Pipit menjawab dengan senyuman. Hatinya berdesir perlahan namun terasa nyerinya menghunjam. Harum dengan ragu turun dari mobil, erat menggenggam tangan Pipit. Di dekat tiang beton mereka duduk bersebelahan. Harum merapatkan tubuhnya pada lengan Pipit, memandang sekitar dengan ragu. Pipit memeluk pundaknya dengan lembut. Dipanggilnya pedagang asongan cilik yang sedang melintas di depan mereka.

Harum mau minum apa?

Itu sehat Ma?” tanya remaja kecil itu ragu.

Ini, Harum lihat ya. Minuman ini sama dengan yang dijual di super market, baik kemasan maupun mereknya. Tidak usah kawatir, yang penting tanggal kadaluarsanya tidak lewat,” jelasnya.

Perlahan tangan Harum terulur, memilih minuman dalam wadah yang segera disodorkan padanya. Pedagang asongan kecil itu tersenyum lega melihat Harum memilih dagangannya. Tak lama seorang pedagang lain menghampiri dan menawarkan dagangannya.

Kasihan orang-orang ini ya Ma,” gumam Harum hampir berbisik.

Ya. Kasihan. Syukurlah Harum masih merasakan itu.

Harum menatap seorang gadis kecil sedang mengamen di depan sebuah mobil. Bukan uang receh yang didapatkan gadis kecil itu, tetapi hentakan mobil pengendaranya dengan dibarengi kibasan tangan. Pipit mengikuti pandangan putrinya, lalu memanggil gadis pengamen itu untuk mendekat.

Bersediakah kamu menyanyikan lagu untuk kami?” tanya Pipit.

Mau Tante. Mau sekali, tapi dibayar ya?” jawab gadis itu lugu.

Tentu saja sayang,” jawab Pipit sambil tertawa renyah.

Segera gadis kecil itu dengan bersemangat menyanyikan lagu Kasih Ibu.
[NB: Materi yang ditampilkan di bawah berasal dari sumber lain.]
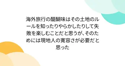 海外旅行の醍醐味はその土地のルールを知ったりやらかしたりして失敗を楽しむことだと思うが、そのためには現地人の寛容さが必要だと思った
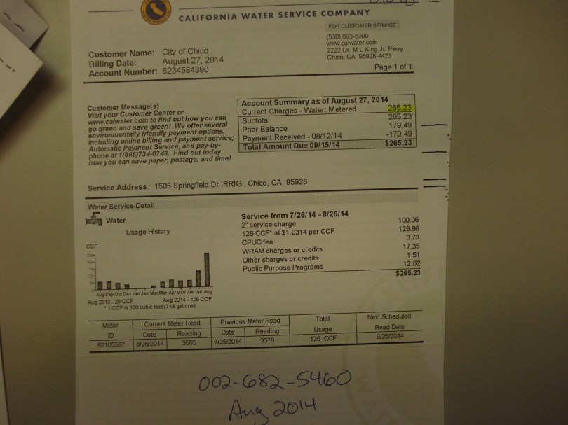 Here’s the bill for irrigating the medians at Forrest and Springfield. A few months earlier I had called in to report those sprinklers were running all over Forrest Avenue and $taff acted like they didn’t even know they had sprinklers on Springfield Drive.
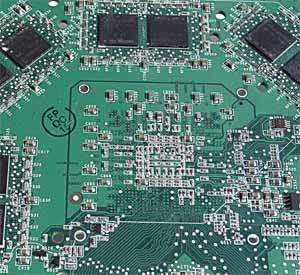 PCB достаточно сложна по разводке, однако слоев используется меньше — всего 8 плюс экранирование (в отличие от 12-слойной PCB у NV30):

Tak lama gadis itu berlari kegirangan mendapatkan lembaran sepuluh ribu dari Pipit. Seorang perempuan tua mendekati mereka sambil berlinang air mata.

Terima kasih Nyonya, Anda baik sekali,” menganggukkan kepalanya.

Ibu apanya gadis itu?” tanya Pipit sopan.

Saya Ibunya. Ayahnya pergi entah ke mana sejak putri saya itu masih berumur dua tahun.

Pipit tak dapat mengucapkan sepatah kata pun sampai perempuan tua itu berlalu menyusul putrinya. Sementara Harum semakin tertegun dengan situasi di hadapannya. Sambil menunduk gadis itu berkata lirih, “Harum nggak jadi ke toko buku Ma.

Kenapa?” tanya Pipit hampir dapat membaca pikiran putrinya.

Belum terlalu perlu Ma. Nanti saja kalau Papa pulang.

Pipit tersenyum semakin lembut sambil mendekap tubuh putrinya dengan penuh rasa sayang dan syukur. Dibelainya kepala Harum dengan air mata hampir tak dapat ditahannya. Matanya menengadah memohon agar dirinya tidak menangis di depan putrinya. Agar dapat ditepisnya segala kerikil di hati yang kelak akan menahan langkahnya menggapai CINTA Sang Kekasih.